## Goal of the exercise
From the entries below, write out exactly the lines between the line holding "Italian-crafted with Holy" and the line holding "Ресурс-пак использует функцию", inclusive, excluding any pictures.

[Collected data entries]
*** Block opens ***
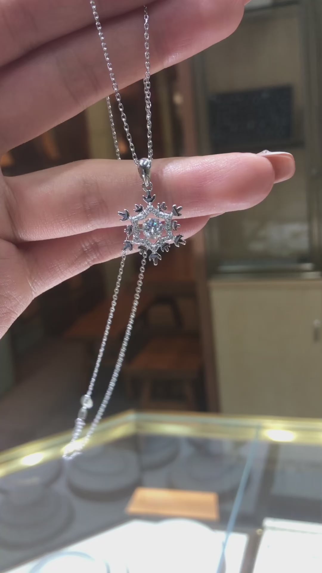 D Color 0.5ct Moissanite Icy Snow Queen Necklace, 925 Silver Rhodium Plated
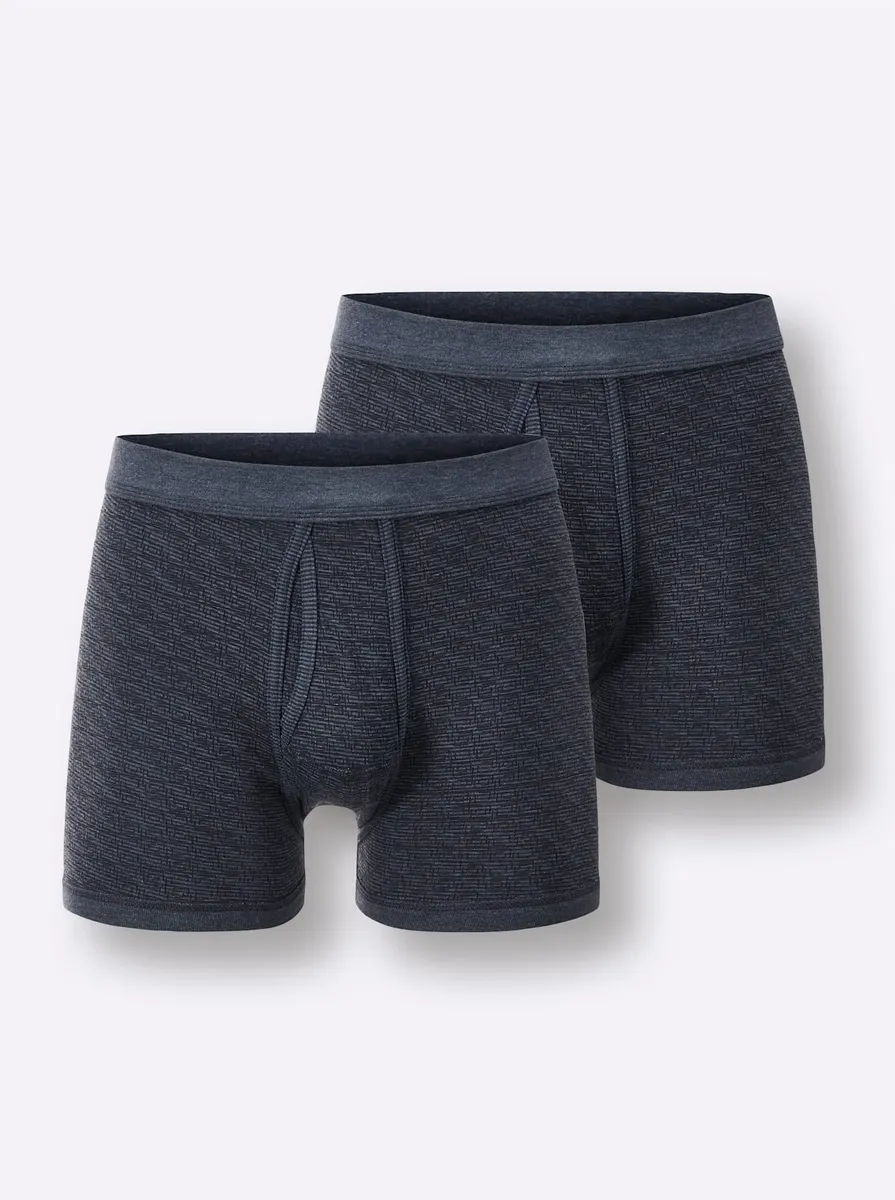 В двойной упаковке: короткие брюки с принтом, двойной мягкий эластичный пояс и ширинка. Климат-регулирующее качество с тонкими ребрами. 75% хлопок, 25% полиэстер.
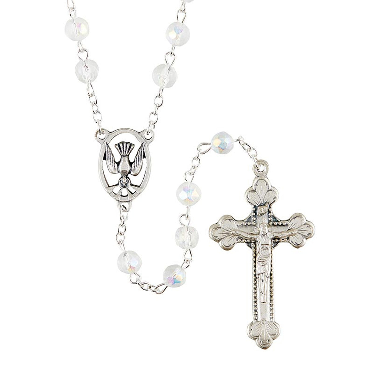 Italian-crafted with Holy Spirit dove centerpieces, these beautiful crystal beaded rosaries make excellent gifts for those making their Confirmation.
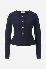 Dieser navyfarbene Strickblazer mit Taillierung und Schößchen wird durch silberne Schmuckknöpfe zum eleganten It-Piece für stilvolle Office- und City-Looks. Kombiniere ihn mit dem passenden Rock zu einem harmonischen Zweiteiler.
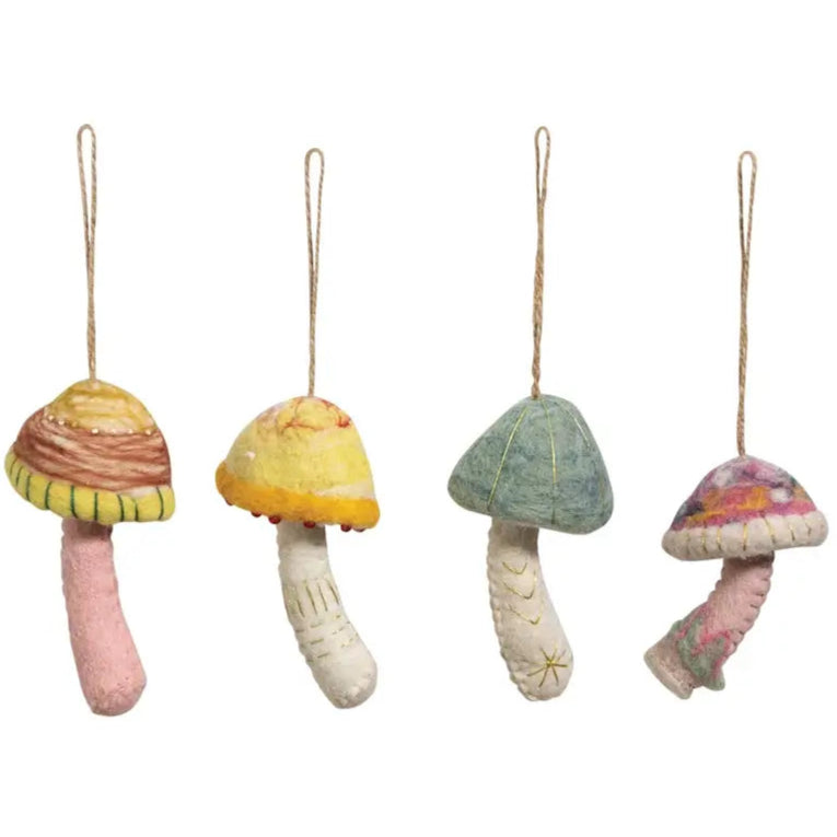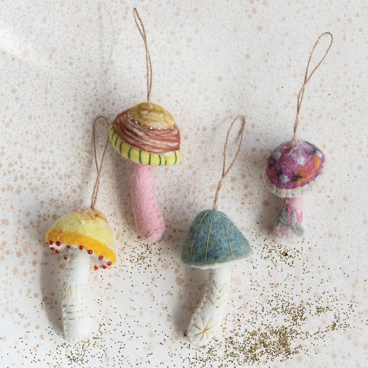 These handmade wool felt mushroom ornaments are full of woodland charm, with tiny beads and metallic thread adding a touch of sparkle to each one, they are whimsical and fun for any festive Cottagecore styled holiday display!
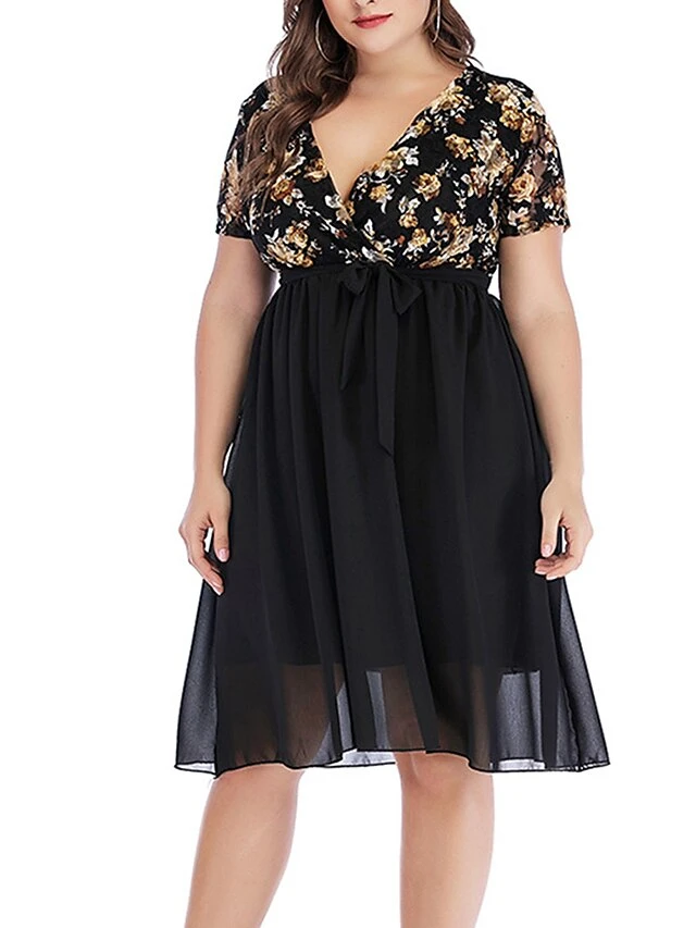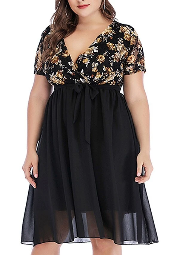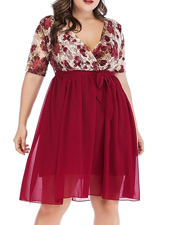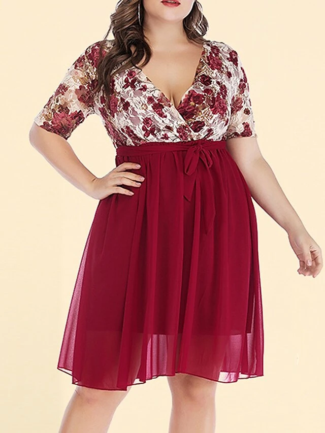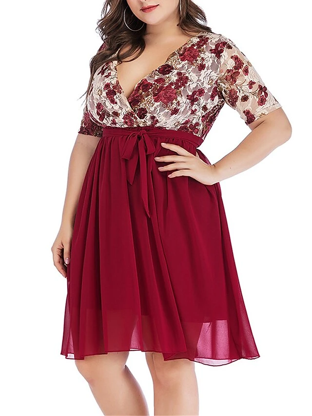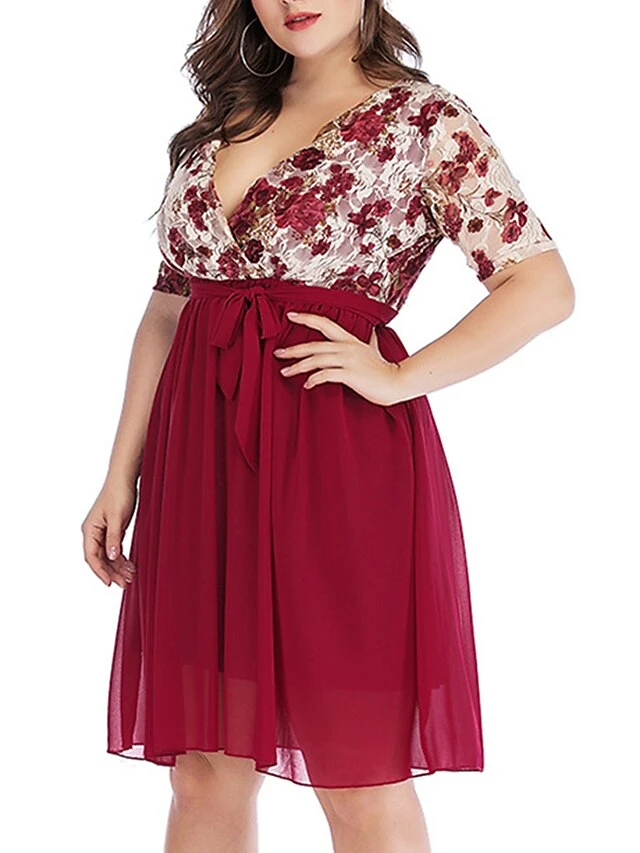 Women‘s Plus Size Curve Party Dress Cocktail Dress Wedding Guest Dress Midi Dress Black Wine Short Sleeve Floral Lace Up Summer Spring Fall V Neck Fashion Birthday Wedding Guest Vacation 2023
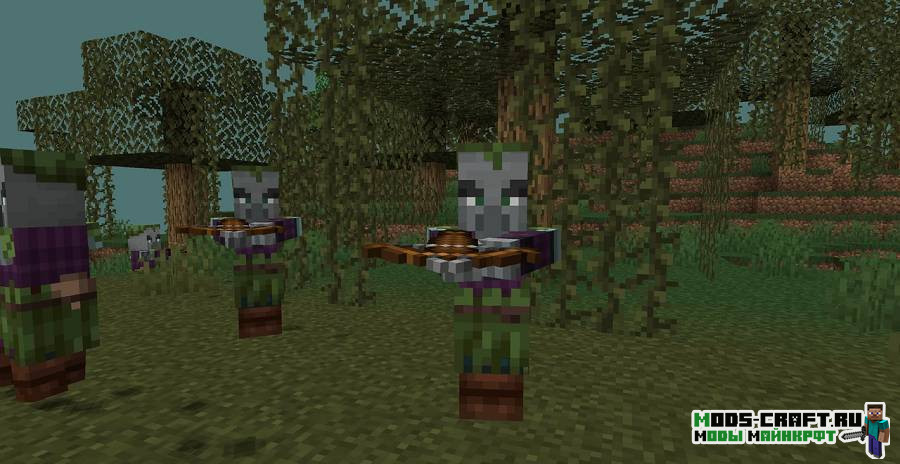 Ресурс-пак использует функцию Optifine, чтобы дать соответствующую текстуру разбойникам в зависимости от биома по аналогии с деревенскими жителями.
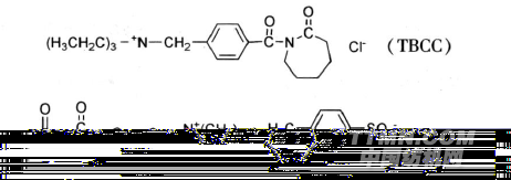 繼TAED和NOBS之后,又開發(fā)了陽離子型季銨鹽類過氧化物的活化劑品種,美國北加州大學(xué)紡織學(xué)院和土耳基伊斯坦堡大學(xué)對陽離子活化劑的合成和應(yīng)用進行了研究。在N-?;簝?nèi)酰胺(N-AcylCaprolactam)類中,已開發(fā)應(yīng)用的2只品種為:N 4(三乙基銨甲撐)苯?;簝?nèi)酰胺氯化物(N 4(TriethylAmmoniomethyl)benzoyl caprolactam chloride,簡稱TBCC)和6 N,N,N-三甲基銨甲撐己酰基己內(nèi)酰胺對甲苯磺酸(6 N,N,N-Trimethylam-monio hexanoyl caprolactam p-toluenesulfonate,簡稱THCTS)。它們的分子結(jié)構(gòu)式如下:
*** Block closes ***
## Exercise result
 Italian-crafted with Holy Spirit dove centerpieces, these beautiful crystal beaded rosaries make excellent gifts for those making their Confirmation.
 Dieser navyfarbene Strickblazer mit Taillierung und Schößchen wird durch silberne Schmuckknöpfe zum eleganten It-Piece für stilvolle Office- und City-Looks. Kombiniere ihn mit dem passenden Rock zu einem harmonischen Zweiteiler.
 These handmade wool felt mushroom ornaments are full of woodland charm, with tiny beads and metallic thread adding a touch of sparkle to each one, they are whimsical and fun for any festive Cottagecore styled holiday display!
 Women‘s Plus Size Curve Party Dress Cocktail Dress Wedding Guest Dress Midi Dress Black Wine Short Sleeve Floral Lace Up Summer Spring Fall V Neck Fashion Birthday Wedding Guest Vacation 2023
 Ресурс-пак использует функцию Optifine, чтобы дать соответствующую текстуру разбойникам в зависимости от биома по аналогии с деревенскими жителями.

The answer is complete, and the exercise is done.